Não pude contar a ela que o tamanho de meu pau surpreendeu Diana, mas dei a entender que fui muito viril a fazendo gostar demais de fazer sexo comigo. Quando descarreguei todo aquele peso que sentia em minhas costas e parei, ela sorriu.

– Ufa. Agora entendi seu nervosismo. Não se culpe. Pessoas com duas ou mais personalidades sempre tem uma mais sexualizada e não é raro que sem voltem as pessoas mais próximas que amam. É o caso da Diana. Ouço muito sobre o incesto e não julgo, principalmente na situação que você estava vendo sua filha maravilhosa indo se entregar a qualquer homem. Nenhum pai que ame a filha, teria agido diferente.

– Obrigado doutora.

– Na verdade foi ótimo ter acontecido porque agora vejo uma luz no fim do túnel.

Olhei para ela curioso.

– Se a Diana é parte da personalidade da Amanda que ela não consegue exteriorizar por causa do trauma da perda da mãe e da timidez, se você der a Amanda aquilo que a Diana está demandando, talvez ela não precise mais da Diana e as personalidades voltem a se fundir. Até mantendo as memórias, falou empolgada como nunca a vi.

Também fiquei empolgado, mas logo me dei conta do que ela sugeria.

– Você está sugerindo que eu faça sexo também com a Amanda e a trate como uma vadia igual a Diana demanda?

– Exatamente, mas não a forçando em nada. Queira ou não você já fez sexo com ela, só que ela não lembra. Você poderia ir com calma e devagar a fazendo se sentir mais livre e menos tímida com os orgasmos. Quando se sentir confiante, pode dar a ela uma noite como deu a Diana e aí a Diana não terá mais motivos para existir porque a Amanda já tem tudo que a Diana gosta. Isso pode levar meses, ou até anos, se você conseguir seduzir a Amanda, mas jamais deverá forçá-la.

Tinha lógica, muita lógica seus argumentos e me animei, mas não exageradamente porque jamais causaria um novo trauma em Amanda e não sabia como ela reagiria a situação sendo tão recatada e tão tímida. Me lembrei de sua conversa da noite anterior e contei a terapeuta.

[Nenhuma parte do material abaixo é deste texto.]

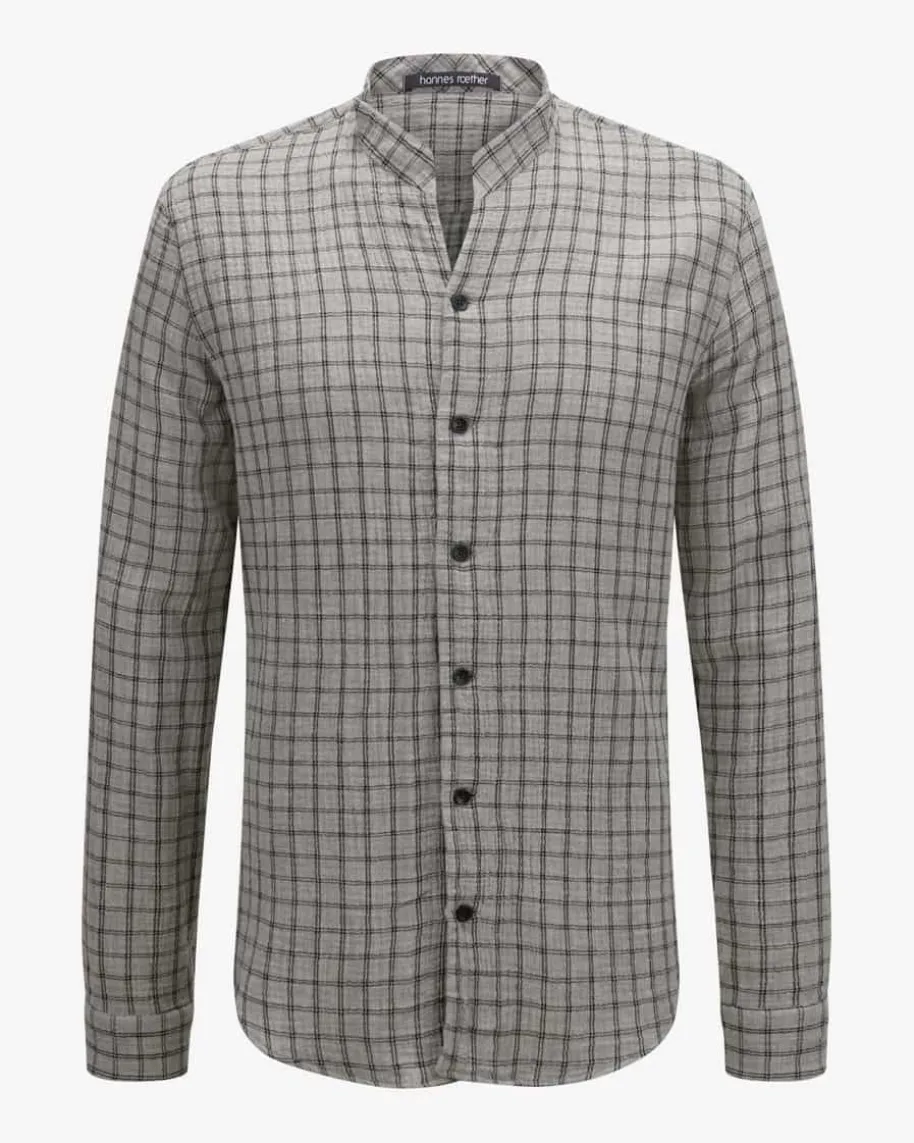 Hemd für Herren von Hannes Roether in Hellgrau und Schwarz. Das Modell inschlichter Schnittführung überzeugt in Musselin-Stoffqualität und beschertangenehme Tragemomente, während das Karo-Dessin und die klassischen Details denGesamt-Look stimmig abrunden.

– Isso demonstra que ela já está pensando se vale a pena ser como é tão recatada, se Diana faz tudo o que faz com seu corpo. Ela mesma pode chegar à conclusão que também pode ter seus momentos de prazer, claro que em seu modo de pensar, seria um momento de amor e sexo romântico.

– Talvez ela queira isso com outro homem.

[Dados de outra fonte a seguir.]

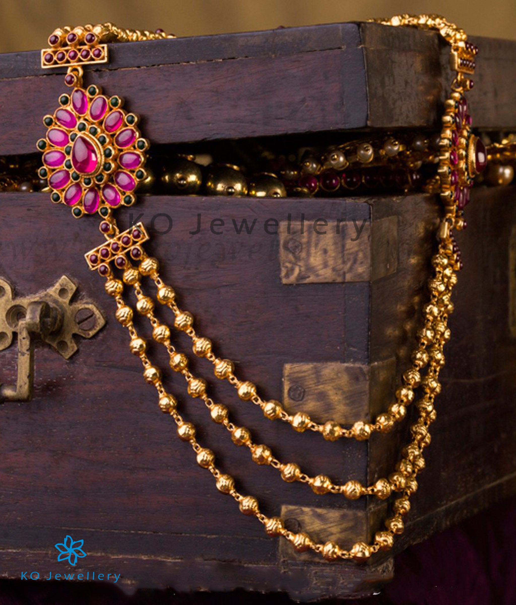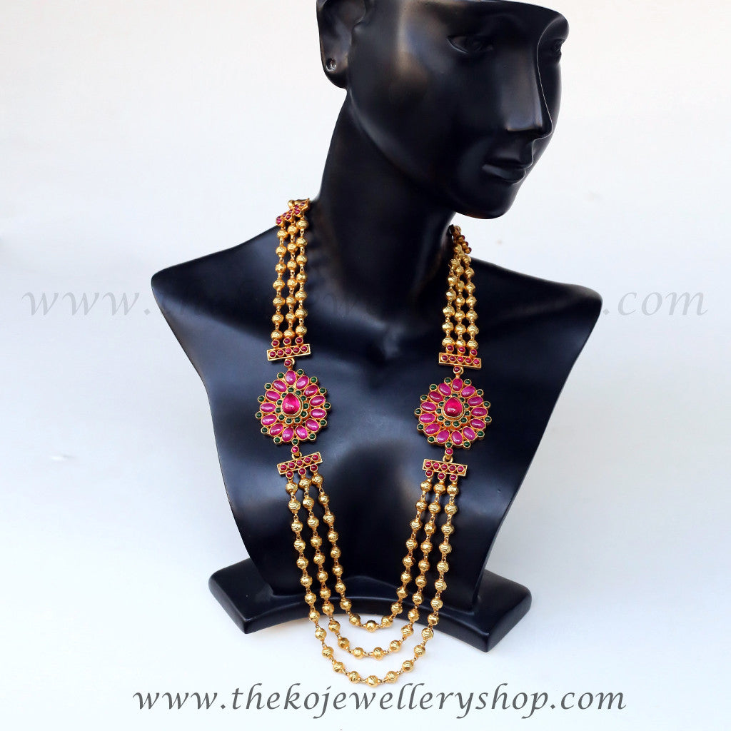 Fit to adorn a bride, this ornate three-line necklace is truly a head-turner.It has three lines of gold-dipped silver beads along with two beautiful pendants at the side interspersed with green.Part of the Temple Jewellery collection of KO this necklace presents a traditional design with a contemporary twist.Crafted using techniques used in ancient South Indian antique gold temple jewellery the entire piece is crafted in pure Sterling Silver (92.5) and dipped in 24 karat gold.

– Talvez, mas duvido. Depois de tudo o que contou a ela, o que foi uma ótima e corajosa decisão sua, ela sabe que você já conhece o corpo dela e não teria tanta timidez. Fora isso, se até a extrovertida Diana confia em você e aceitou suas imposições, ela se sentiria imensamente mais segura com você. Só tem um jeito de descobrir.

– Vou considerar sua sugestão. Eu faria qualquer coisa para minha filha se curar, menos a traumatizar mais. Quando elas vierem aqui, por favor trabalhe com a Amanda nessa direção e assim que eu tiver novidades eu volto.

– Tenho muita esperança que possa dar certo. Aguardarei ansiosa e vou trabalhando com elas, principalmente com Amanda para que não fique fechada em seu mundo dando chances as mudanças.

Nos despedimos e fui para casa pensando em tudo o que ela falou, e antes mesmo de estacionar na garagem tinha decidido que iria tentar por Amanda. Se a terapeuta estivesse certa e pudessem fundir as personalidades mantendo as memórias, aqueles brancos que tanto atrapalhavam sua vida desapareceriam e ela seria um pessoa normal. A única condição para mim mesmo, seria ir com muito tato com Amanda, mas ainda tinha que esperar que ela voltasse.